## Exercise instructions
Write the entries below out again exactly; any picture in them stays out.

Excerpts from a dataset

━━━━━━━━

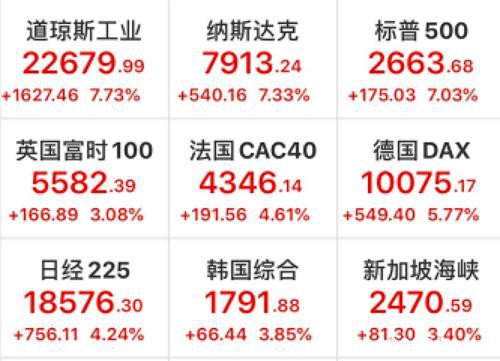 美股再迎狂欢夜。 道琼斯工业指数飙升超1600点,暴涨7.73%,标普500指数和纳斯达克指数分别大涨7.03%和7.33%。
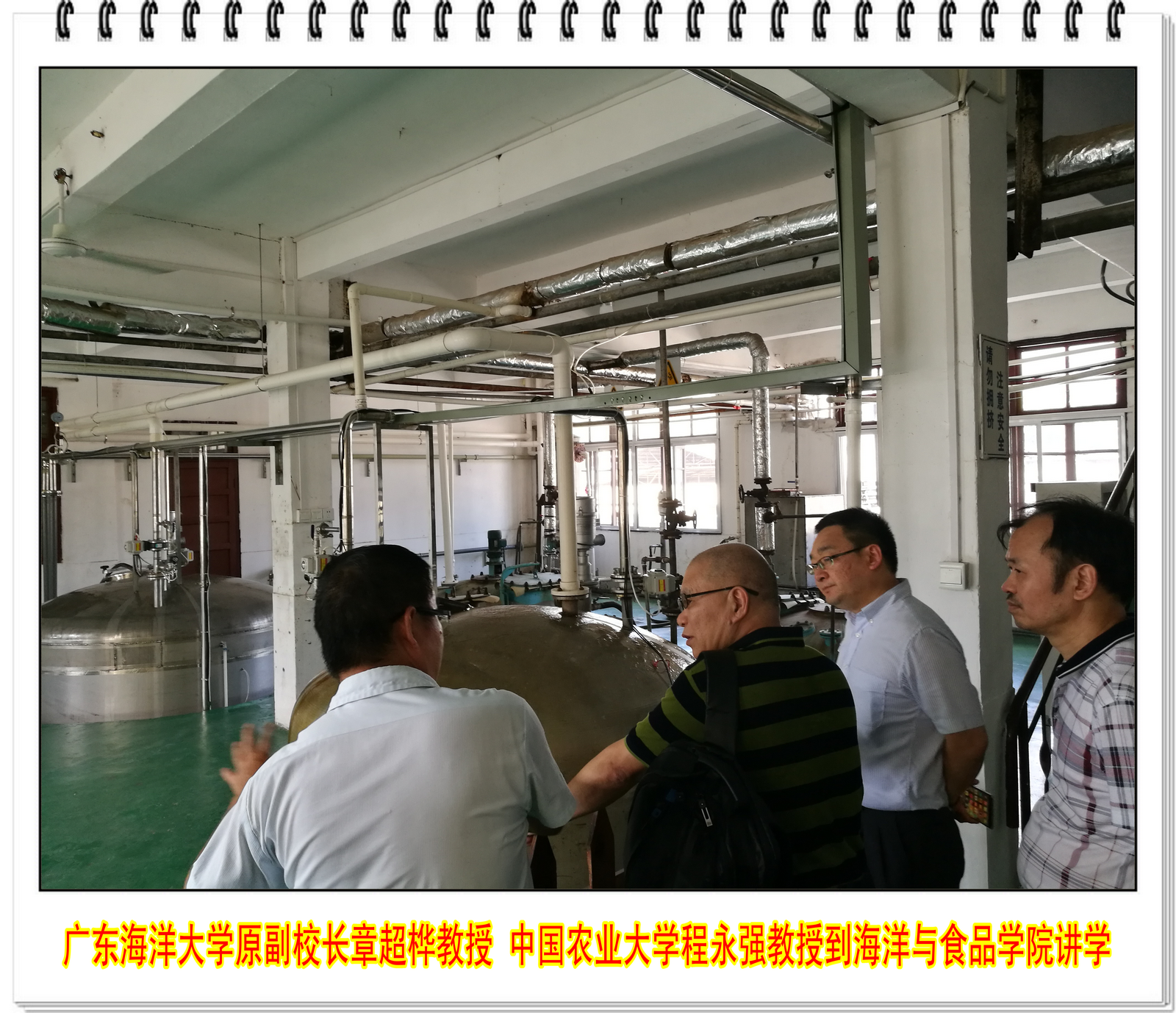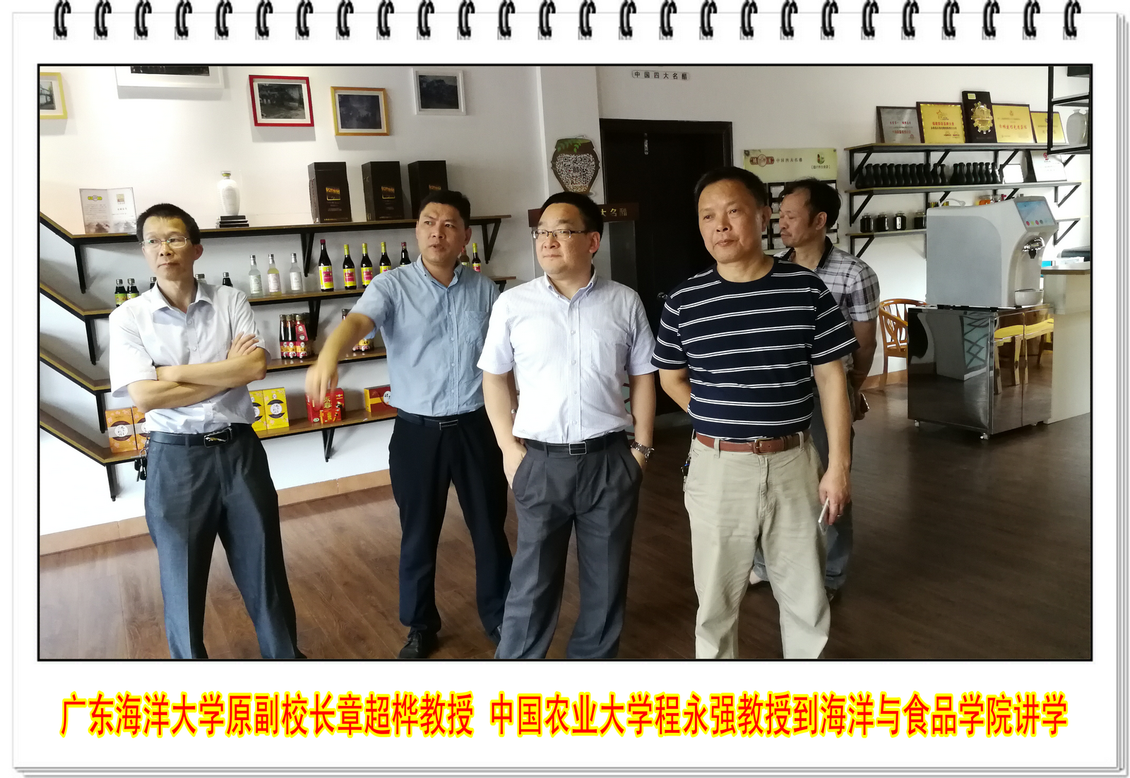 2017年6月30日,广东海洋大学原副校长章超桦教授、中国农业大学食品科学与营养工程学院程永强教授、海洋与食品学院院长袁建军教授和海洋生物系主任吴文林教授在永春科技局的陪同下,到永春老醋有限责任公司、永春县岵山津源酱醋厂有限公司调研永春老醋的传统加工工艺,就传统老醋现代加工等问题进行探讨。
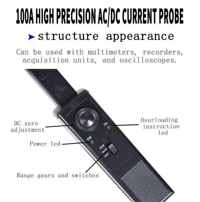 • The DC/AC current probe meter is small and delicate, easy to carry, can be widely used in motor drive, power frequency, inverter, power supply and avionics.
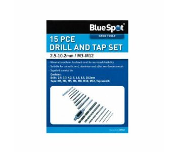 BLUE SPOT TOOLS 15 PCE DRILL AND TAP SET (M3-M12) (2.5-10.2MM)
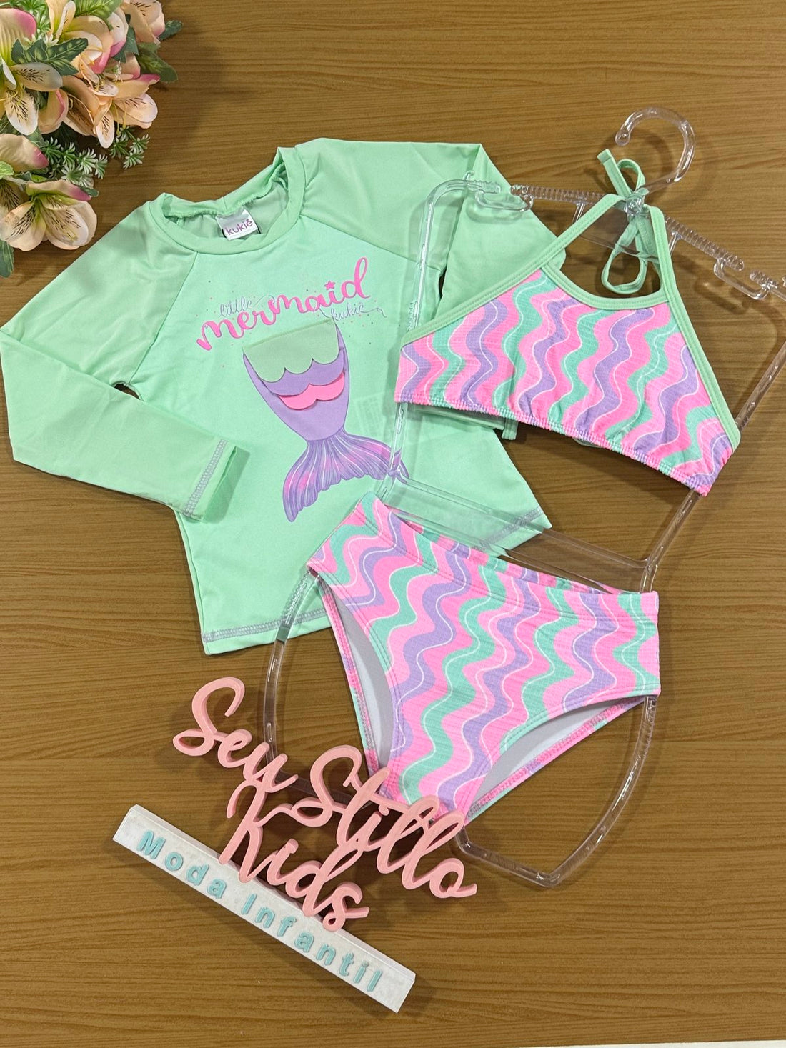 Biquini Infantil Kukie Verão com Blusa Manga Longa Sereia

━━━━━━━━

## Reply to the exercise
 美股再迎狂欢夜。 道琼斯工业指数飙升超1600点,暴涨7.73%,标普500指数和纳斯达克指数分别大涨7.03%和7.33%。
 2017年6月30日,广东海洋大学原副校长章超桦教授、中国农业大学食品科学与营养工程学院程永强教授、海洋与食品学院院长袁建军教授和海洋生物系主任吴文林教授在永春科技局的陪同下,到永春老醋有限责任公司、永春县岵山津源酱醋厂有限公司调研永春老醋的传统加工工艺,就传统老醋现代加工等问题进行探讨。
 • The DC/AC current probe meter is small and delicate, easy to carry, can be widely used in motor drive, power frequency, inverter, power supply and avionics.
 BLUE SPOT TOOLS 15 PCE DRILL AND TAP SET (M3-M12) (2.5-10.2MM)
 Biquini Infantil Kukie Verão com Blusa Manga Longa Sereia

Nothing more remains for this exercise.